Nigel Jones

Terror plots, threats to liberties, banks in crisis: welcome to Britain during the Napoleonic Wars

A review of In These Times: Living in Britain Through Napoleon’s Wars, 1793 – 1815, by Jenny Uglow. Britain shuddered in Bonaparte’s shadow, living in constant expectation of invasion and occupation

In our own troubled times it is useful and comforting to recollect that ’twas ever thus.  Violent threats against prominent politicians? Jenny Uglow reminds us that in 1802 Colonel Edward Despard, a British officer turned radical agitator, was the last person in England to be sentenced to be hanged, drawn and quartered, for a plot to kill King George III and the cabinet; while in 1812, the wildly unpopular hardline Tory Spencer Perceval became the only prime minister (so far) to be assassinated, the victim of John Bellingham, a deranged bankrupt.

Threats to civil liberties? The first Defence of the Realm Act was passed in 1798 by the younger William Pitt’s administration, extending the Treason Act to cover any political meeting and giving magistrates the power to detain without trial those they suspected of sedition, up to and including the leader of the Whig opposition, Charles James Fox.

Financial crises? In 1810 the bank Brickwood, Rainer & Co. crashed with debts of more than half a million pounds, taking down with it as it fell provincial banks in Salisbury and Exeter and five City of London merchant houses.

The following year no fewer than 20 banks closed their doors. The crisis caused the gloomy economist David Ricardo to warn that exchanging gold for worthless paper banknotes meant rampant inflation. Meanwhile the Revd Thomas Malthus complained that the incorrigible tendency of the feckless poor to reproduce themselves without the means to support their progeny would result in inevitable mass starvation.

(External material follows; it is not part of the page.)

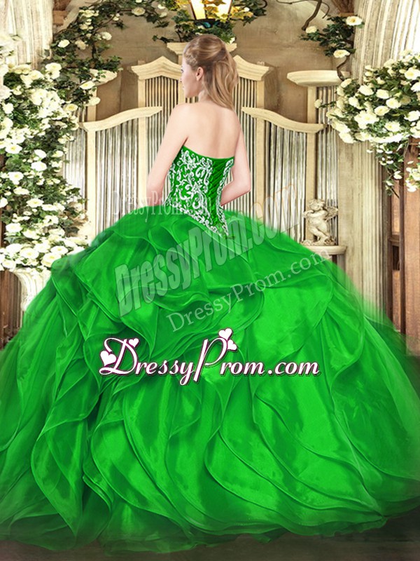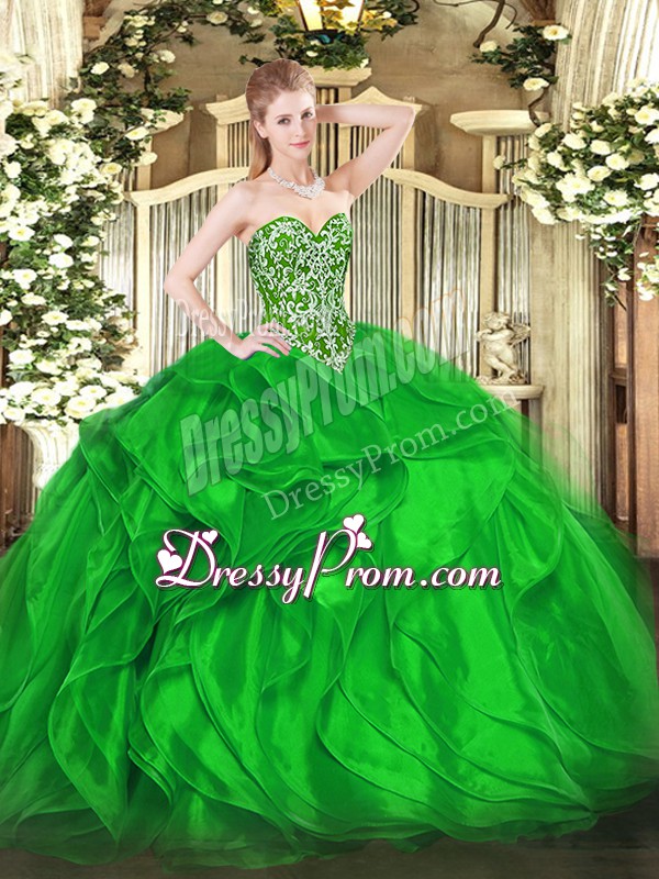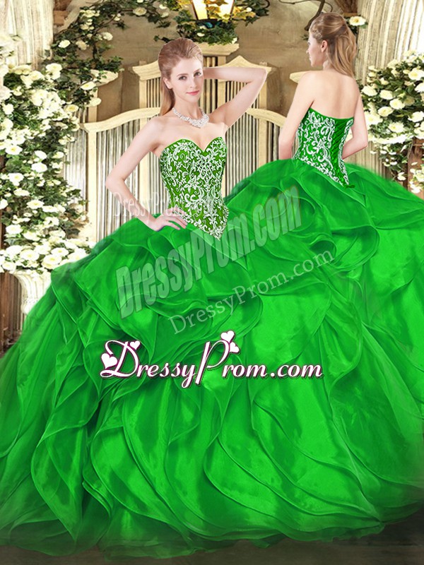 Neckline : SweetheartShown Color : GreenSilhouette : Ball GownsSleeve Length : sleevelessHemline : floor lengthBack Detail : Lace upFabric : OrganzaEmbellishment : Beading,RufflesOccasion : Military Ball,Sweet 16,QuinceaneraSeason : Spring,Summer,Fall,Winter
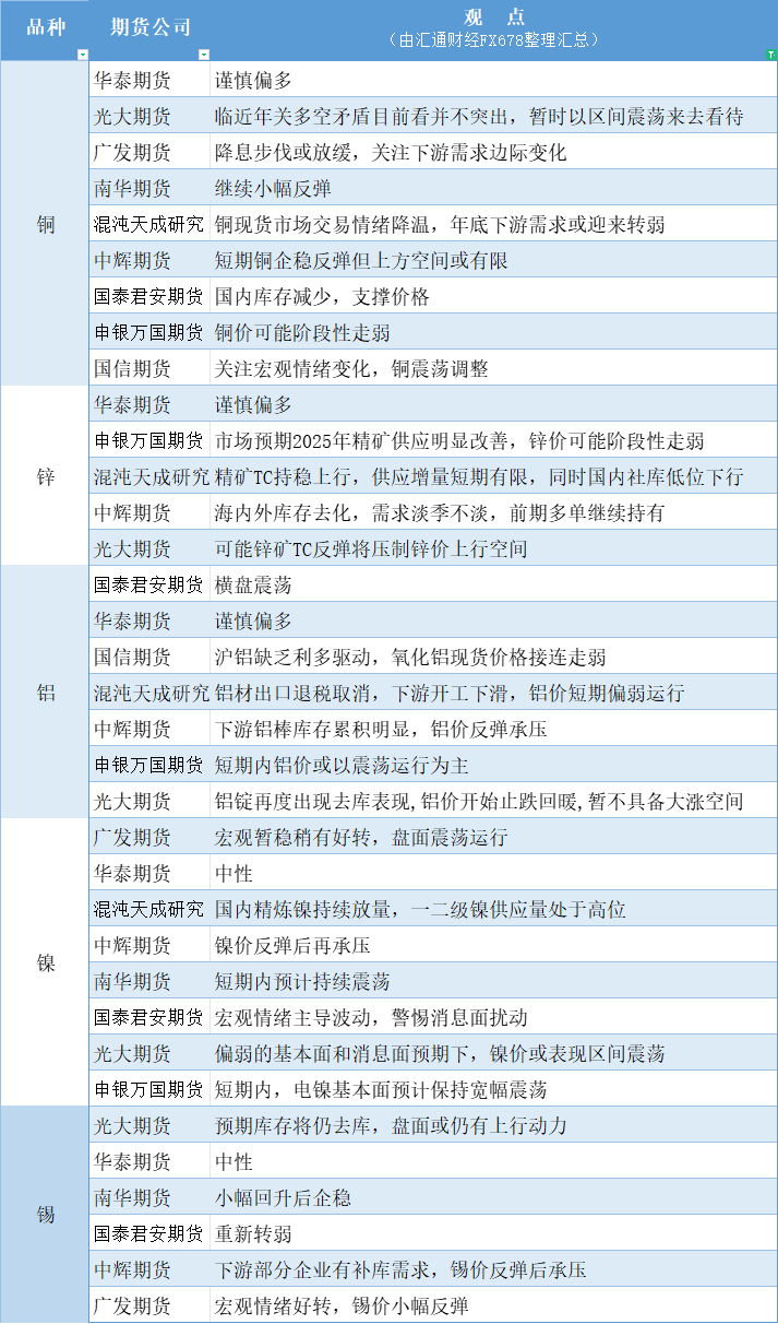 期货公司观点汇总一张图:12月26日有色系(铜、锌、铝、镍、锡等)

In the event (perhaps thanks to a court character reference from an old comrade-in-arms, Admiral Horatio Nelson), Despard and half a dozen of his co-conspirators were spared the painful indignity of having their genitals hacked off and their guts extracted and burned before their eyes, and were merely hanged and then beheaded, before a delirious 20,000-strong crowd on a gaol roof in Southwark.